Problem requirements: Below, locate the line that contains "4月下旬,線材庫(kù)存1". Repeat exactly from that line to the line that contains "Experience the iconic", inclusive, leaving out the pictures.

Data provided:
::::::::::
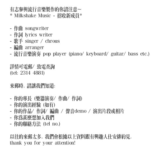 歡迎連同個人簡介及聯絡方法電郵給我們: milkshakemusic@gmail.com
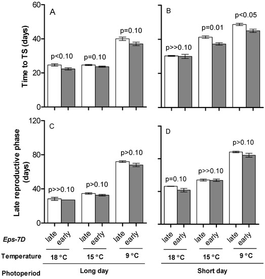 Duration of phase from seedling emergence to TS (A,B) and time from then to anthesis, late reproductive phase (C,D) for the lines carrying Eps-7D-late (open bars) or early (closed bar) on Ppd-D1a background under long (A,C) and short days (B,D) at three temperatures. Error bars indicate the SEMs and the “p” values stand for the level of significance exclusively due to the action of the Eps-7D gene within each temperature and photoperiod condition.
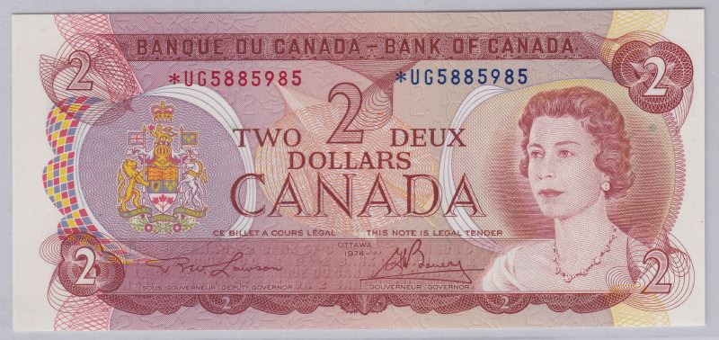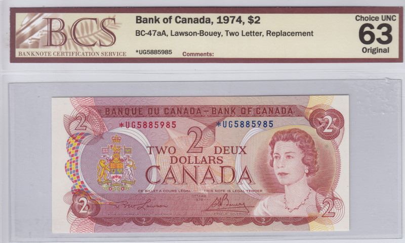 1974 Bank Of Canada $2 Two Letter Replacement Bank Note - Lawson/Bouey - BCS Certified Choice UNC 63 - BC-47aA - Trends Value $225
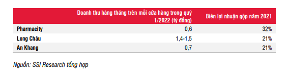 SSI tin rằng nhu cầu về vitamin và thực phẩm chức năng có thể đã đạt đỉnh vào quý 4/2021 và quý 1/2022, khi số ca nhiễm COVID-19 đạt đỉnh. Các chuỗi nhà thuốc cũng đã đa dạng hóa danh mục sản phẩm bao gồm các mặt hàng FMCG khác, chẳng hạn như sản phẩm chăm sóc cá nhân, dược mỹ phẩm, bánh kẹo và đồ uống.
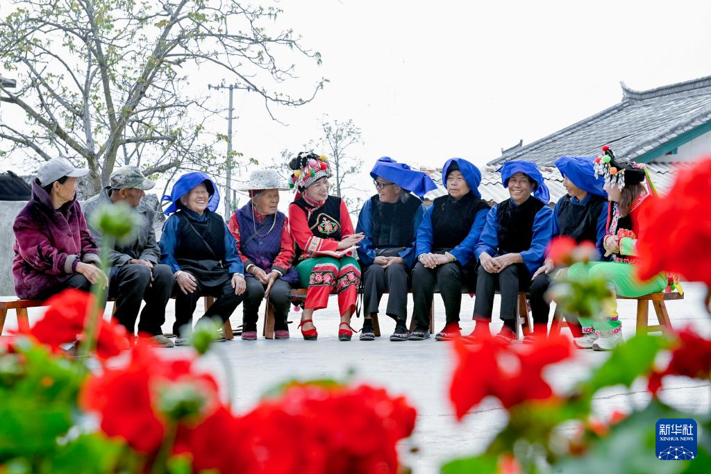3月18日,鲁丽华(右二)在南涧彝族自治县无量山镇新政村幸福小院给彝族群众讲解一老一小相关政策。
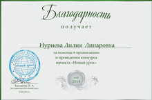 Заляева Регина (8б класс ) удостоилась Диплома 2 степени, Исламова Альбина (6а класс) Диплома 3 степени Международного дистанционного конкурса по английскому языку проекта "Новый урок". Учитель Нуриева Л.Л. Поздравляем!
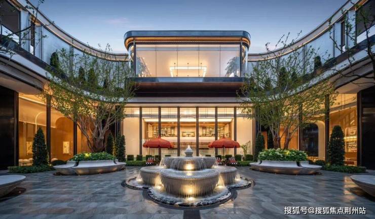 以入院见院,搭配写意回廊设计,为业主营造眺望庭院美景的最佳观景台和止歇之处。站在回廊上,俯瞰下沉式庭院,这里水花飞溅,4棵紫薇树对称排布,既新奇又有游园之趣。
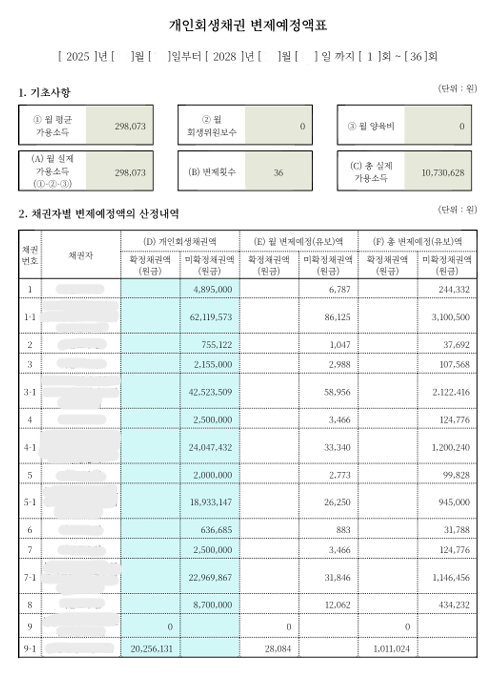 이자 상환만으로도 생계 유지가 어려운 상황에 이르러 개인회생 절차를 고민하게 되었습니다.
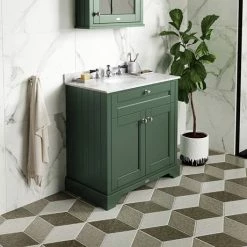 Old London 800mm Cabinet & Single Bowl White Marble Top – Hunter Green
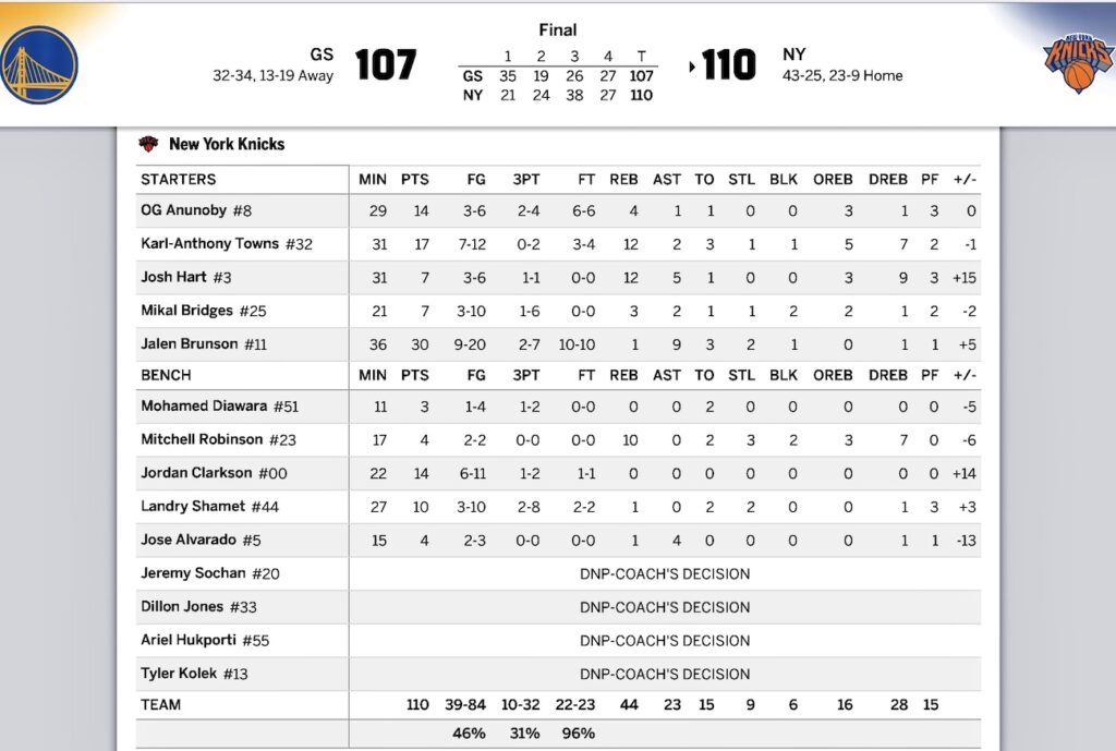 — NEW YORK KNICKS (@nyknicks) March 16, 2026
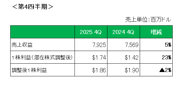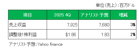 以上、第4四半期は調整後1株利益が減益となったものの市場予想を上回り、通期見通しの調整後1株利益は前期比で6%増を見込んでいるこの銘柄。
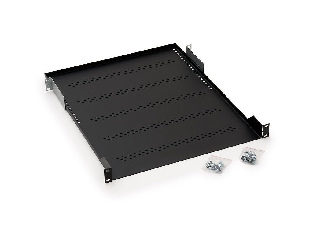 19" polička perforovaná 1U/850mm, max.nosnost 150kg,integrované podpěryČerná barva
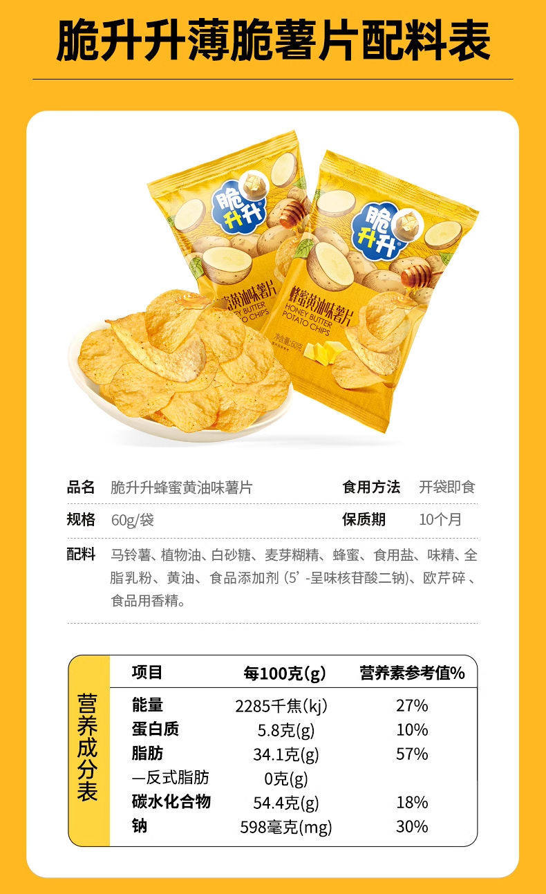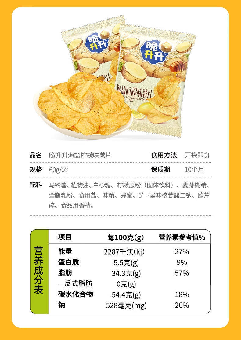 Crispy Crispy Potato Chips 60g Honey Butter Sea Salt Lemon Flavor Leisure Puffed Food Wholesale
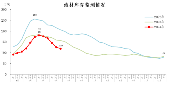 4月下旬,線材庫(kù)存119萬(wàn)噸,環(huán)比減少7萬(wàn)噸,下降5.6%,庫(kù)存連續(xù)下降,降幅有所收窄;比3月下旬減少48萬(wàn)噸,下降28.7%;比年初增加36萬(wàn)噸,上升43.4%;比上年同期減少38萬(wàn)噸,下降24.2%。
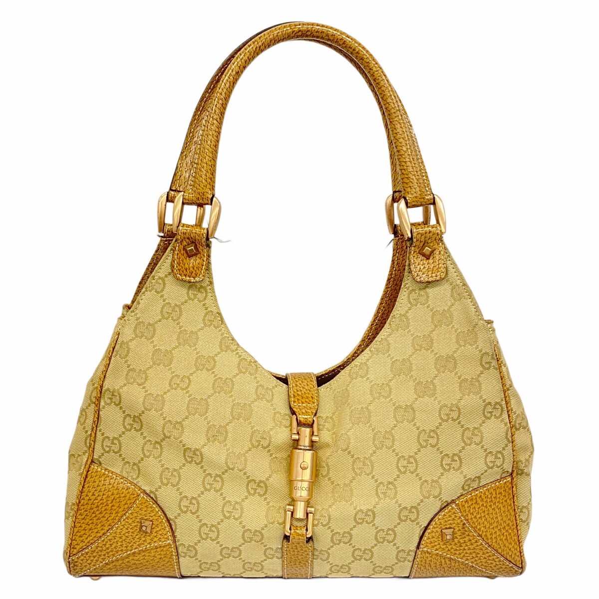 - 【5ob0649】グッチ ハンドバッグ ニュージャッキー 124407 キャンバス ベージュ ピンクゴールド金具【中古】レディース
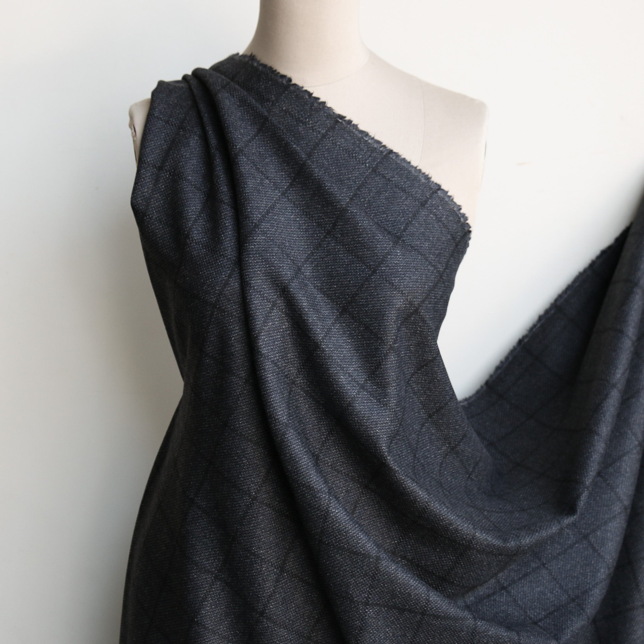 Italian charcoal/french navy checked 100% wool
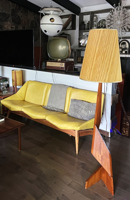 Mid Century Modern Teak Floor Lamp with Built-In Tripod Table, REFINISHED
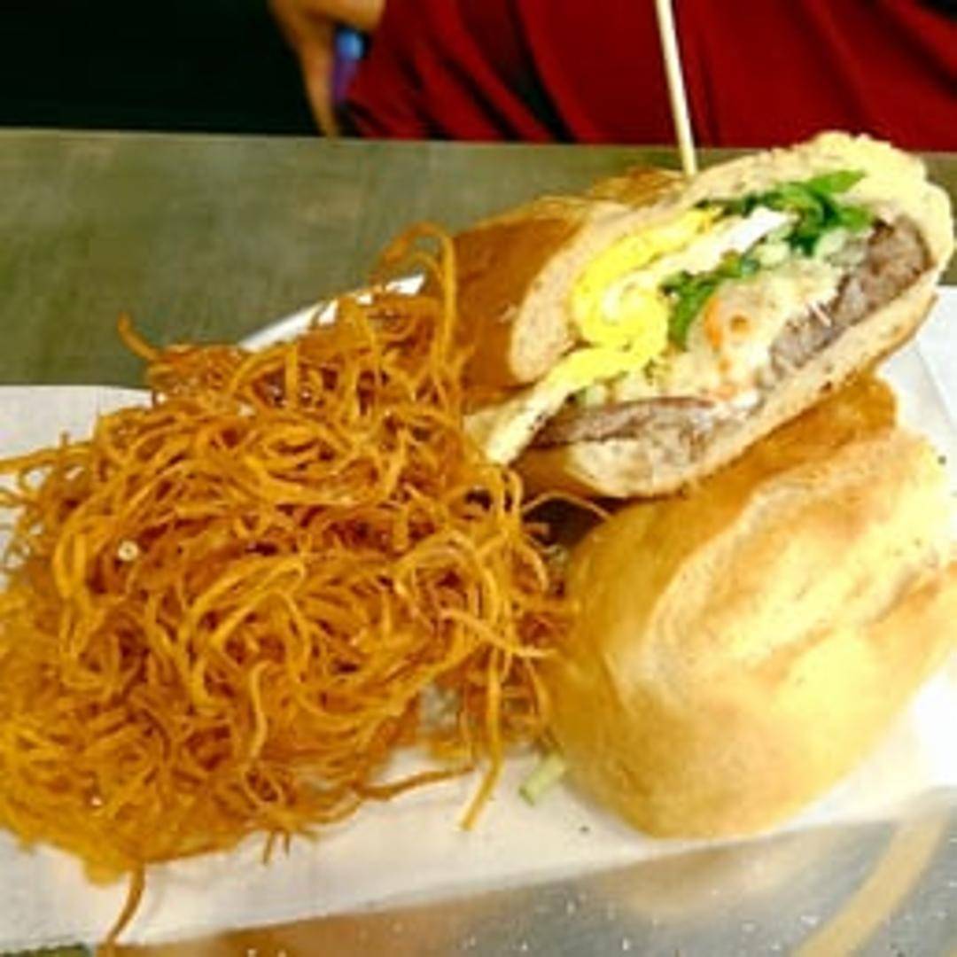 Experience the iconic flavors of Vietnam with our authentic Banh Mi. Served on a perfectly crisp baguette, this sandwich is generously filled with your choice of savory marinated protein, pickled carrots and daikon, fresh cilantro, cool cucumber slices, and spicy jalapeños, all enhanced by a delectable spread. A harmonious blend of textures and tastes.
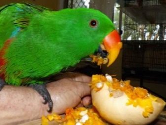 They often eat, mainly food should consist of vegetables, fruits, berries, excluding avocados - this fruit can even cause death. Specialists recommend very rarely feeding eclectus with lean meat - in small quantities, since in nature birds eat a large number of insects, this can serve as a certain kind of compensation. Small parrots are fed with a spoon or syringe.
::::::::::
Task solution:
 4月下旬,線材庫(kù)存119萬(wàn)噸,環(huán)比減少7萬(wàn)噸,下降5.6%,庫(kù)存連續(xù)下降,降幅有所收窄;比3月下旬減少48萬(wàn)噸,下降28.7%;比年初增加36萬(wàn)噸,上升43.4%;比上年同期減少38萬(wàn)噸,下降24.2%。
 - 【5ob0649】グッチ ハンドバッグ ニュージャッキー 124407 キャンバス ベージュ ピンクゴールド金具【中古】レディース
 Italian charcoal/french navy checked 100% wool
 Mid Century Modern Teak Floor Lamp with Built-In Tripod Table, REFINISHED
 Experience the iconic flavors of Vietnam with our authentic Banh Mi. Served on a perfectly crisp baguette, this sandwich is generously filled with your choice of savory marinated protein, pickled carrots and daikon, fresh cilantro, cool cucumber slices, and spicy jalapeños, all enhanced by a delectable spread. A harmonious blend of textures and tastes.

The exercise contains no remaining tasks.